17/10/2012
Vito Partipilo con una guida, durante una delle sue escursioni.
Nascere nella pianura pugliese e scalare le vette più alte del mondo. Una passione sbocciata poco più di vent’anni fa dopo essersi cimentato nelle arti marziali. “Ho sempre avuto una predilezione - dice - per l’attività sportiva all’aria aperta. Correre, sciare ma soprattutto scoprire la montagna, i suoi segreti, il suo fascino. Così, grazie ad alcuni amici di Roma, ho cominciato a frequentare i corsi di escursionismo fino ad arrivare alle prime arrampicate”. Allenamenti intensi, durissimi e quella voglia innata di sfidare se stesso, di osare verso limiti nascosti.
Partipilo durante una scalata.
Vito Partipilo, barese, 47 anni, che al suo attivo ha anche dodici maratone, ha cominciato a percorrere i sentieri della natura quasi fosse un esploratore. “Per andare in montagna, abitando in pianura -afferma - è indispensabile allenarsi costantemente con arrampicate e corsa. L’alpinismo è qualcosa di affascinante ma dovendo affrontare pericoli oggettivi occorre accettare il rischio con una buona dose di responsabilità e di attenzione”.
Nell’88 la prima salita sul Pollino. Poi, Gran Paradiso, Monte Bianco, Cervino, Monte Rosa. Il battesimo di fuoco avvenne a fine dicembre del 2006, con l’ascesa dell’Aconcagua, nelle Ande, la vetta più alta delle Americhe a quota 6.966 metri. “E’ stata un’esperienza fantastica che ho condiviso con altri due amici baresi, Michele De Santis e Domenico Ognissanti. Quando sono arrivato in cima ho deposto un’icona di San Nicola (il patrono di Bari ndr) ai piedi di una croce, incastrandola fra due massi per difenderla dal vento. Ho provato delle emozioni irripetibili”.

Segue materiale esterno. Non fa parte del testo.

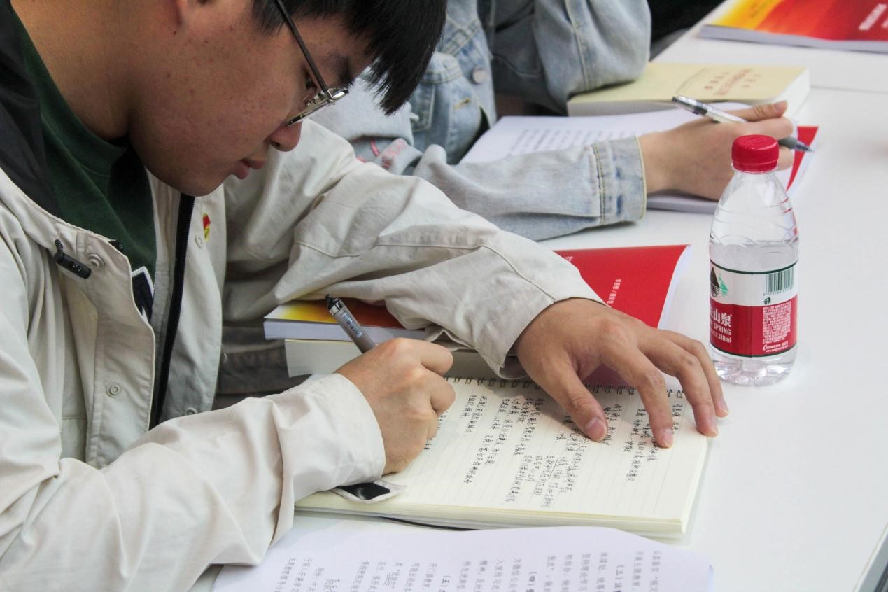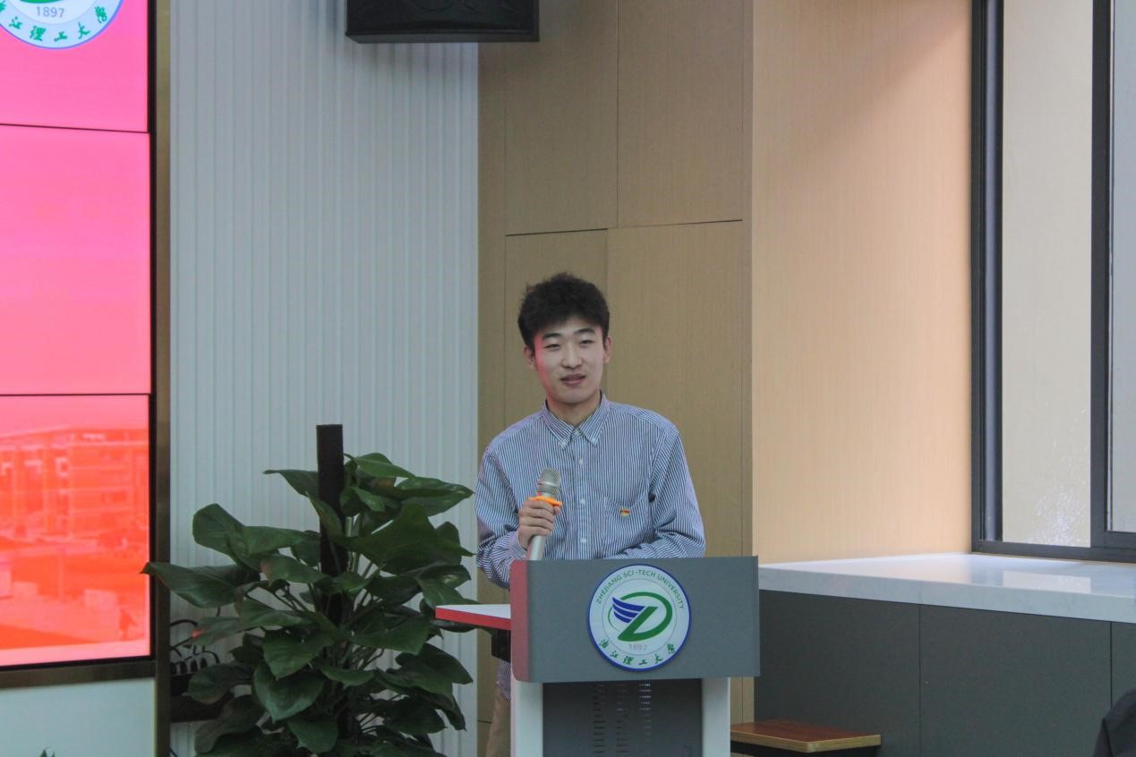 研究生孙旭在主题发言时表示,作为学生要认真学习贯彻习近平新时代中国特色社会主义思想,树立强烈的历史使命感和责任感,发扬实干、担当、创新的精神,努力成为新时代的高素质人才。

Il fisico longilineo e agile (un metro e 80 per 69 chilogrammi), le mani che somigliano ad artigli e soprattutto il grande spirito di avventura hanno spinto Vito Partipilo verso imprese sempre più entusiasmanti e coinvolgenti. Nel 2007 si è inerpicato sui mille metri della parete granitica del Pizzo Badile, dove bisogna mettere in conto anche il calar delle tenebre, impiegando ben dieci ore.
Tra una scalata e un’escursione ha trovato anche il tempo per laurearsi in Scienze Politiche tre anni fa.
Ma è sulle montagne che riesce a dare il meglio di sé. Nel 2010 ha partecipato ad una spedizione sul Cho Oyu dell’Himalaya in Tibet. “Era l’occasione per raggiungere quota 8.201, ma purtroppo dovetti fermarmi sui settemila per un principio di congelamento ai piedi.
C’erano meno quattordici gradi in tenda e tanto ghiaccio. Riuscii a riscaldare un po’ d’acqua che avevo nel termos e dopo un paio di ore recuperai la funzionalità delle dita. Sono stato in Tibet circa quaranta giorni, una lunga trasferta che mi è costata diecimila euro. In pratica mi autofinanzio. L’importante è credere in quello che si fa, nei traguardi che si vogliono raggiungere”.
Gli ottomila metri sono ancora una meta da conquistare per Vito Partipilo. La marcia di avvicinamento verso l’ennesima sfida è già cominciata. “L’anno prossimo andrò in Nepal, ma per il momento non ho ancora deciso quale montagna scalare. L’Himalaya è un’esperienza entusiasmante che tuttavia richiede una grande capacità di adattamento a disagi fisici e difficoltà ambientali. Spero, in virtù dei costi elevati, che alcuni sponsor credano nella mia iniziativa e contribuiscano a sostenere le spese per organizzare la spedizione”.
Il cuore oltre l’ostacolo, lo sguardo verso il cielo. Vito Partipilo sa bene che la sua è un’avventura da vivere intensamente. “L’alpinismo richiede sacrificio, impegno, allenamento. Quando arrivo in cima mi guardo intorno e scopro l’immensità della natura. E’ un groviglio di sensazioni, in cui si mescolano la soddisfazione di raggiungere la vetta alla felicità interiore di condividere l’impresa con i compagni e non solo. C’è uno spirito di amicizia che nasce spontaneo, tra noi uomini che sfidiamo la montagna; come quella volta sulla sommità del Cervino quando incrociai tre tedeschi fra strette di mano e lacrime di commozione”.